Advances in Learned Query Optimizer
Keynote:Architecting Heterogeneity-aware Big Data Processing System
Abstract:Learned techniques for query optimizer is the forefront in AI4DB. It provides the most suitable experimental plots for utilizing ML techniques and learned query optimizer has exhibited superiority with enough evidence. In this talk, we aim at providing a wide and deep review and analysis on learned query optimizer, ranging from algorithm design, real-world applications and system deployment. Based on them, we summarize some design principles and point out several future directions.
BIO:Rong Zhu is a research scientist in Data Analytics and Intelligence Lab (DAIL), Alibaba DAMO Academy. He also serves as an adjunct industry mentor in Chinese University of Hong Kong, Shen Zhen. He received his Ph.D. and B.S. degree from Harbin Institute of Technology in 2019 and 2013, respectively. His research interests lie in the intersection of databases, machine learning and systems, with an emphasis on AI4DB. He has published nearly 30 papers in top-tier conferences and journals, including VLDB, ICDE, TKDE, ICLR and etc, and give tutorials in EDBT and CIKM. He received the Second Prize of Natural Science Award by China Ministry of Education in 2019, the Outstanding Doctoral Dissertation Nomination Award by CCF in 2020 and ACM SIGMOD China Rising Star Award in 2022.
Nanjing University of Science and Technology
Keynote:Efficient big graph data analysis: mesoscopic and macroscopic perspectives
Abstract: Graph is an abstract data structure consisting of vertices and edges, which can be used naturally to model the multi-source heterogeneous data. Therefore, graph model and graph data analysis are becoming one of the most important topics in big data research and widely used in real applications. Graph analysis can be conducted from different perspectives. In this talk, I will introduce the typical research problems and relevant research progress in mesoscopic and macroscopic graph analysis, and discuss the future research directions in this important and growing research area.
BIO:Long Yuan is a Professor at the School of Computer Science and Engineering, Nanjing University of Science and Technology.
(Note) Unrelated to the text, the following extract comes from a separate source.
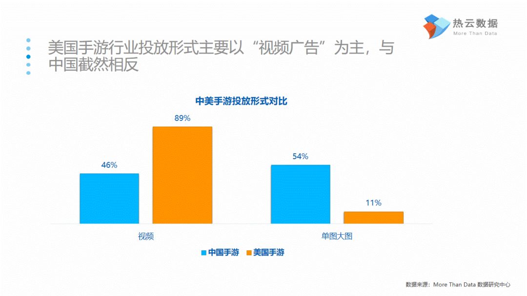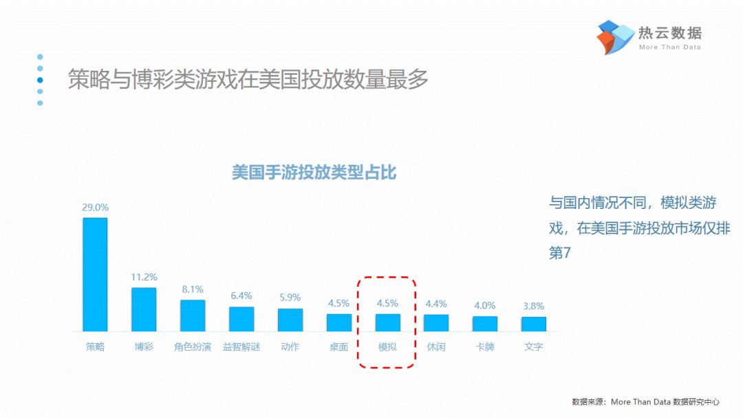 美国手游买量的特征与国内情况存在差异。美国投放手游数量最多的类型是策略类与博彩类且投放形式主要以“视频广告”为主。
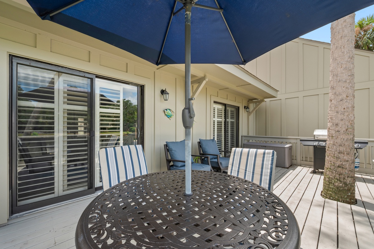 Located within the quiet Queen’s Grant community, this villa is just a 10-minute walk or short bike ride to three miles of pristine Atlantic beach. Guests enjoy easy access to the Robert Trent Jones Oceanfront Golf Course, world-class tennis and pickleball facilities, scenic lagoons, and miles of shaded bike paths. Nearby Shelter Cove Harbour & Marina offers waterfront dining, boutique shopping, and lively seasonal events. Every day brings new opportunities to explore the best of island life.

His research interests include graph data management and analysis, especially in the efficient algorithm design for big graph data. He has published more than 40 papers in top conferences and journals such as VLDB, WWW, ICDE, VLDBJ, and TKDE. He was the recipient of DASFAA 2023 Best Student Paper Award, ACM SIGMOD China Rising Star Award. He has been invited as the program committee member of many top conferences in database and data mining,such as VLDB、ICDE、The Web Conference、NeurIPS、AAAI、CIKM、WSDM.
Northeastern University
Keynote:Discussion on Incremental Graph Processing
Abstract: By using the memorized previous computation state, incremental graph computation can reduce unnecessary re-computation, which may require a lot of memory. How to efficiently process dynamic graphs incrementally with as few intermediate results as possible? A small change may propagate over the whole graph and lead to large-scale iterative computations. How to constraint incremental computation into a smaller scope? We will discuss how to solve the above two problems.
BIO:Shufeng Gong received the PhD degree in computer science from Northeastern University, China, in 2021. He is an lecture with Northeastern University. His research interests include cloud computing, distributed graph processing, and stream processing.